Judge alleges Trump admin misled SCOTUS about injunction – Law & Crime
President Donald Trump listens during a swearing in ceremony for Dr. Mehmet Oz to be Administrator of the Centers for Medicare and Medicaid Services, in the Oval Office of the White House, Friday, April 18, 2025, in Washington (AP Photo / Alex Brandon).
The Trump administration provided incorrect information to the U.S. Supreme Court in a recent high-profile case about firing federal employees, according to a federal judge sitting in San Francisco.
On Monday, in a terse, two-page filing, U.S. District Judge Susan Illston, a Bill Clinton appointee, told the U.S. Court of Appeals for the 9th Circuit that the U.S. Department of Justice substantially mischaracterized the reach of a preliminary injunction the lower court issued in response to one of President Donald Trump’s executive orders.
That injunction, issued in late May, came on the heels of a temporary restraining order issued in early May.
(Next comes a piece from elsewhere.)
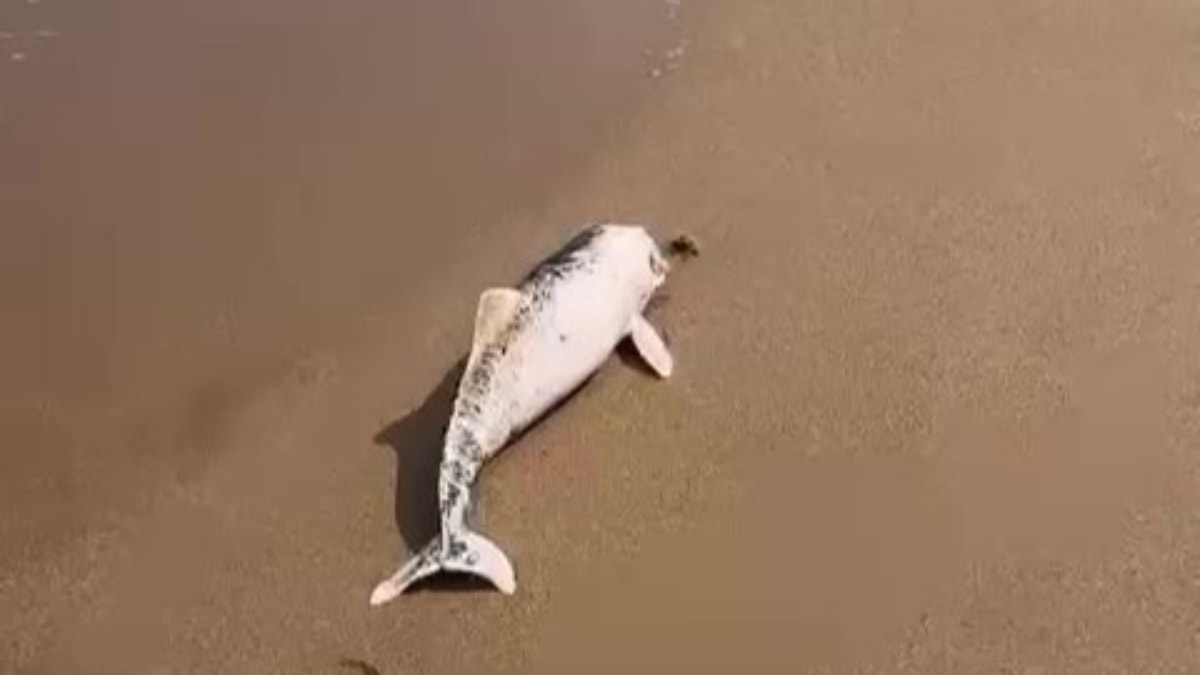Kocaeli'nin Kandıra ilçesinin Sarısu Plajı'nda karaya vurmuş ölü yunus yavrusu, bölgede yürüyüş yapan vatandaşlar tarafından fark edildi.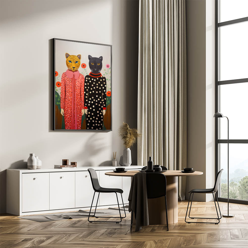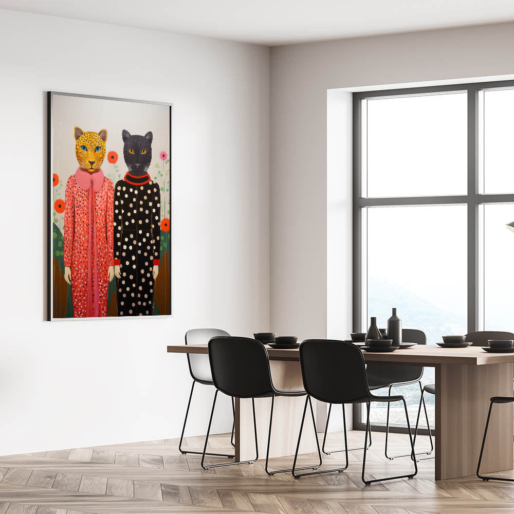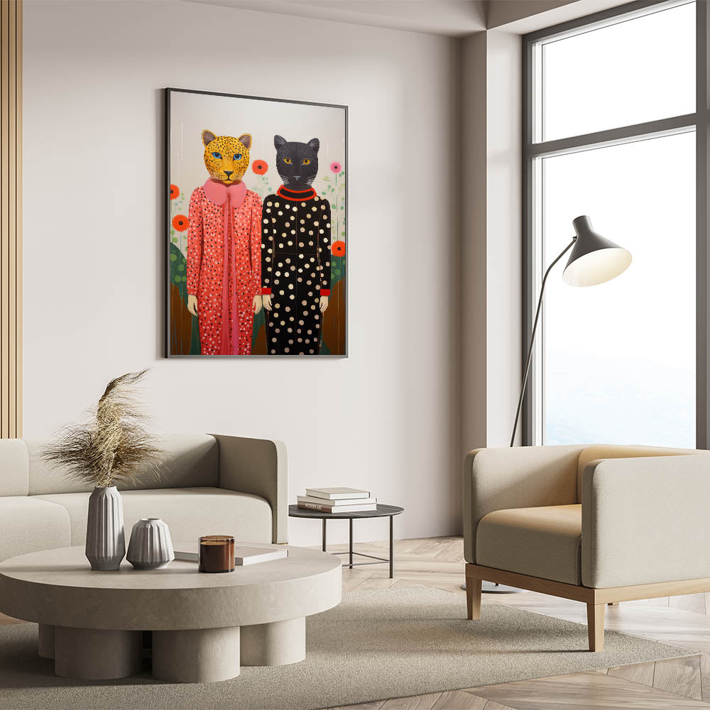 Infuse your space with charm and energy through this playful electric wall art, featuring two leopards dressed in stylish, polka-dot attire. The vibrant yellow and black leopards stand out against a lush floral background, creating a captivating blend of nature and fashion. This bold artwork brings a touch of whimsy and modern elegance to any room, making it perfect for eclectic and contemporary interiors.

Later that same month, a three-judge panel on the 9th Circuit upheld the lower court order, rejecting the government’s request to stay the injunction.
Then, in early June, U.S. Solicitor General D. John Sauer filed a 147-page application for an emergency stay with the nation’s high court.
In that application, Sauer described Illston’s injunction in the following terms: “In fact, this Office has been informed by OPM that about 40 [reductions in force] in 17 agencies were in progress and are currently enjoined.”
Now, Illston says Sauer protested a bit too much.
The district court judge, in her Monday statement, alleges the fourth-highest ranking DOJ official got both sets of numbers wrong.
“Petitioners provided this information to argue that the preliminary injunction was causing them irreparable harm,” Illston writes. “Now that petitioners have filed their RIF list, it is apparent that the figure presented to the Supreme Court included numerous agencies that are not defendants in this case and therefore were not enjoined by the District Court.”
The document goes on to list seven “non-defendant” agencies and nine RIFs which were incorrectly included in the government’s representations before the justices in its June stay application.
Illston then crunches the numbers – using bold to highlight the math.
Based on this list, petitioners’ application to the Supreme Court should have stated that the injunction paused 31 RIFs in 10 agencies, not 40 RIFs in 17 agencies. This discrepancy is not insignificant. In this Court’s view, this further underscores the Court’s previous finding that any deliberative process privilege, if it exists at all, is overridden by ‘the need for accurate fact-finding in this litigation[.]'”
While the Supreme Court stayed the injunction itself, other business in the litigation has been moving forward at the district court level.
The underlying lawsuit, filed by a coalition of labor unions, nonprofit groups, and municipalities, challenges the 45th and 47th president’s Feb. 11 executive order, “Implementing The President’s ‘Department Of Government Efficiency’ Workforce Optimization Initiative.” The order, on its own terms, purports to “commence” a “critical transformation of the Federal bureaucracy” by “eliminating waste, bloat, and insularity.” In real terms, Trump’s plans ask agency heads to quickly “initiate large-scale reductions in force,” or massive layoffs, in service of a goal to restructure the government.